**Supplied information**
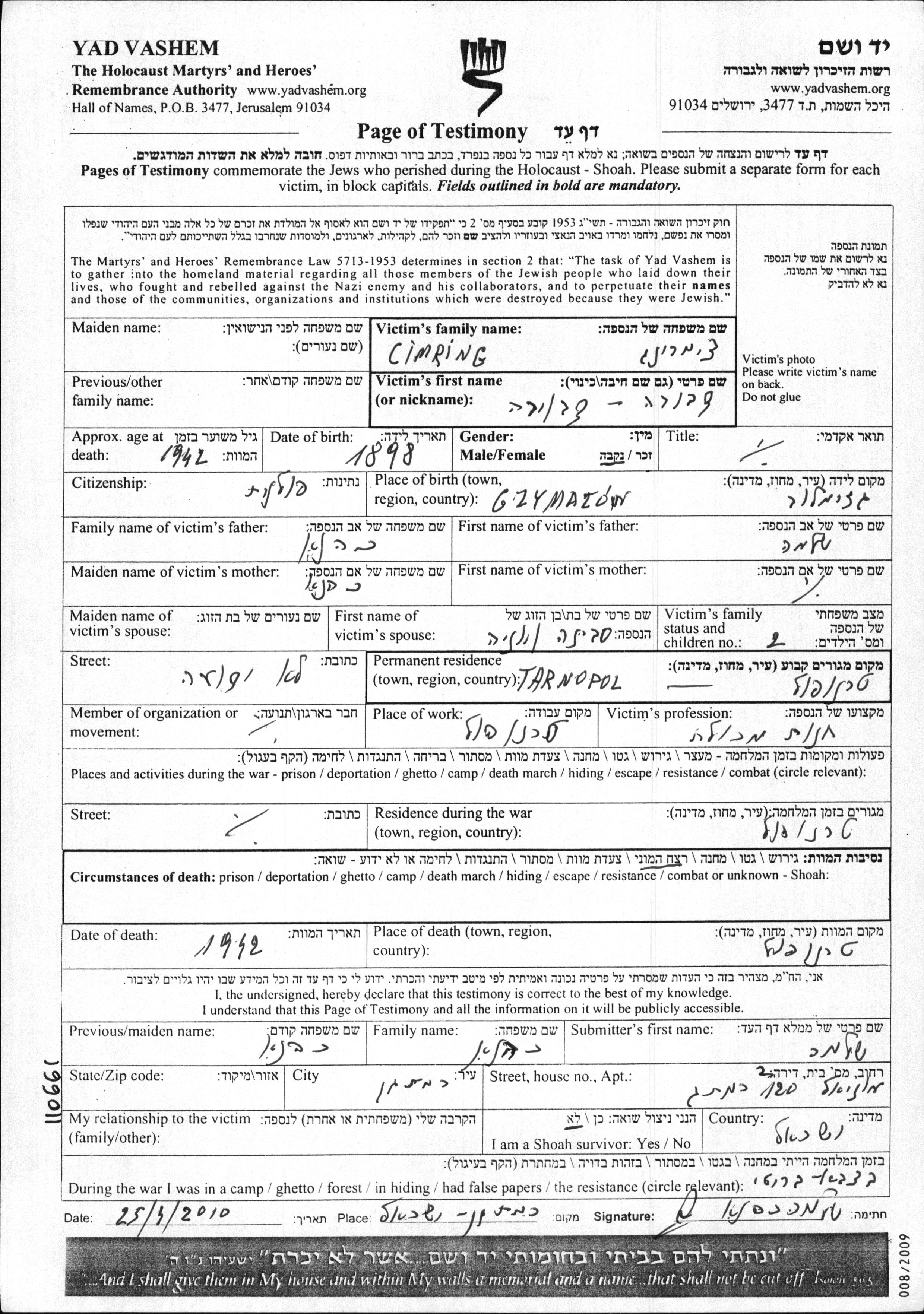 Yad Vashem - Pages of Testimony Names Memorial Collection
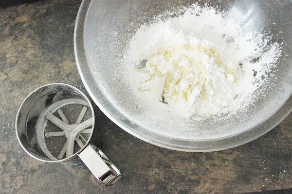Tamizar las almendras molidas y el azúcar glas. Reservar.
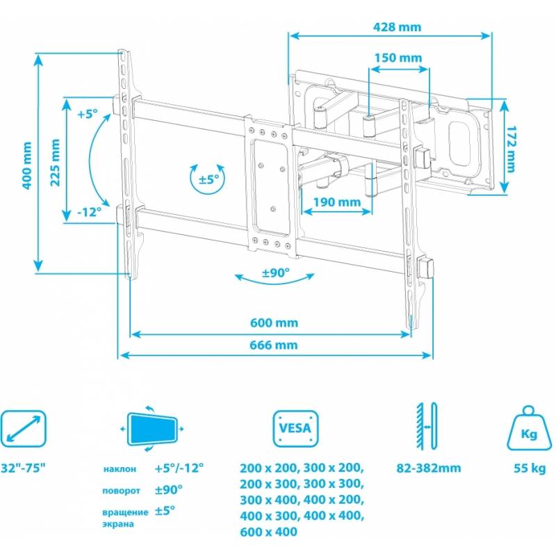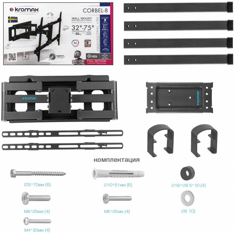 Кронштейн для телевизора Kromax CORBEL-8 титан 32"-75" макс.55кг настенный поворот и наклон

**Exercise requirements**
In the copy you write, the data above must appear exactly, with no pictures.

**Written response**
 Yad Vashem - Pages of Testimony Names Memorial Collection
Tamizar las almendras molidas y el azúcar glas. Reservar.
 Кронштейн для телевизора Kromax CORBEL-8 титан 32"-75" макс.55кг настенный поворот и наклон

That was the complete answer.